Dublin had its own Festival of 20th-Century Music from 1969 to 1986 and there have been short-lived successors, such as Accents, which brought György Kurtág, Music Now, Mostly Modern, and, from 2002 to 2008, the RTÉ Living Music Festival, fondly remembered for focuses on Steve Reich and Arvo Pärt (who came to Dublin) and John Adams (who was prevented from coming by birthday celebrations).

The latest such festival, New Music Dublin, a five-year initiative by the Arts Council, with the National Concert Hall, RTÉ and the Contemporary Music Centre as partners, ran from Friday to Sunday. It was an all-embracing venture, reaching out into jazz and ambient music, and allowing viola-player Garth Knox’s trio Saltarello to venture as far back as Hildegard von Bingen and include traditional arrangements in a programme that made complete sense. The highlight was percussionist Sylvain Lemêtre’s performance of Georges Aperghis’s Corps à corps, a mesmerising tour-de-force of combined talking and drumming.

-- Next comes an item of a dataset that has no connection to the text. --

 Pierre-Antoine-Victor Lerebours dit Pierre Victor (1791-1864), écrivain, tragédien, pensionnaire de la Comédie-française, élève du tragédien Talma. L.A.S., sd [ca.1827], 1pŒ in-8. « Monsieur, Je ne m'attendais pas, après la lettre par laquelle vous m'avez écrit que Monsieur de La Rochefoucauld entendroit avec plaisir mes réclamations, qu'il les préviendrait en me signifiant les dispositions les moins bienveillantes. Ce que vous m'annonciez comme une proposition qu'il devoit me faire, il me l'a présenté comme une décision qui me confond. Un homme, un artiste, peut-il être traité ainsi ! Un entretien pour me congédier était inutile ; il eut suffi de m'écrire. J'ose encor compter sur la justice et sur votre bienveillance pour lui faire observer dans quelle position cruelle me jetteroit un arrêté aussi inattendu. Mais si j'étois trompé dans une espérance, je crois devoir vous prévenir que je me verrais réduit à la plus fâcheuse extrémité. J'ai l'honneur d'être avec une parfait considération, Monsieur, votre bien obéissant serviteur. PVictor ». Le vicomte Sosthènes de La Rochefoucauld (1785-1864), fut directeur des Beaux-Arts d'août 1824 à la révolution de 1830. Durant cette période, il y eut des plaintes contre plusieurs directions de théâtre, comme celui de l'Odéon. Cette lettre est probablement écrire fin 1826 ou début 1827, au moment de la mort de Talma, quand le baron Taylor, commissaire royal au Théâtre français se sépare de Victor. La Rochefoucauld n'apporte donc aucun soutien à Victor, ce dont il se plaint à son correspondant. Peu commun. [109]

Swedish trombonist, composer and conductor Christian Lindberg’s new Kundraan and the Arctic Light, premiered by the RTÉ NSO on Friday, was doubly amazing. Lindberg featured in a quadruple role, as composer, conductor, trombonist and narrator, and kept everything superbly together. But the work itself was a musical washout: naive, trite, an empty showcase.

The Fidelio Trio’s programme offered a work by Glasgow-based Irish composer David Fennessy that was at once obvious and bizarre. He wrote his trio Music for the pauses in a conversation between John Cage and Morton Feldman in 2010, and the title says it all. Cage and Feldman recorded conversations for radio in the 1960s, conversations that are extraordinarily unhurried, with the sorts of pauses that you would expect radio producers to edit out as a matter of course.

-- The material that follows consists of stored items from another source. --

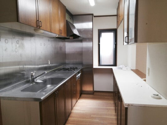 (↓改装前のキッチン。カウンター付きで広いです。)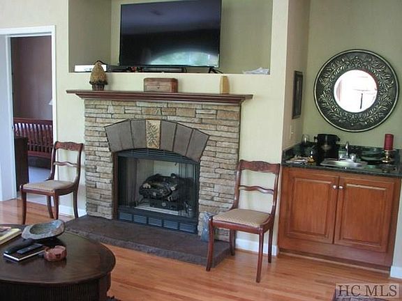 Lower end level turn key unit with a GREAT view of the waterfall at Lake Toxaway. The sound and views of the waterfall are very relaxing and hypnotic. The design, flow, feel, and comfort of this unit make this a perfect retreat. The open floor plan is great for entertaining. The fireplace in the living room adds a cozy feel. The living room and master suite both open out to a covered porch which allows more room for entertaining. Enjoy it or rent it out. Sold mostly furnished.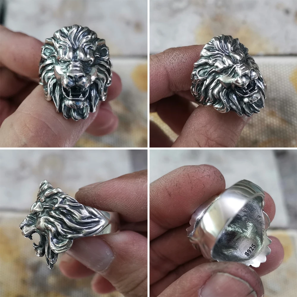 LINSION 925 пробы Серебряное кольцо в виде короля льва мужское байкерское кольцо в стиле рок панк TA191 американский размер 7 15

Fennessy chose the conversation from July 9th, 1966, which opens: “John, wouldn’t you say that what we’re dependent on, we call reality, and what we don’t like, we consider an intrusion in our life? Consequently, I feel that what’s happening is that we’re continually being intruded upon./But that would make us very unhappy./Or we surrender to it, and call it culture./Call it culture?/Or whatever./Give me an example.” Hard as you may try, you probably can’t imagine how many pauses that opening gave Fennessy to fill, or how well he’s filled them in a way that both of the other composers might appreciate.

Neglected music

One of the obvious functions for the New Music Dublin Festival is to give Irish audiences a chance to catch up with works that are not new, but which have been neglected by the musical establishment here. On Saturday, the RTÉCO under Reinbert de Leeuw brought the angry insistence of Dutch composer Louis Andriessen’s seminal De Staat of 1976, a pungent, punchy, heavily amplified setting of Plato that changed the face of minimalism.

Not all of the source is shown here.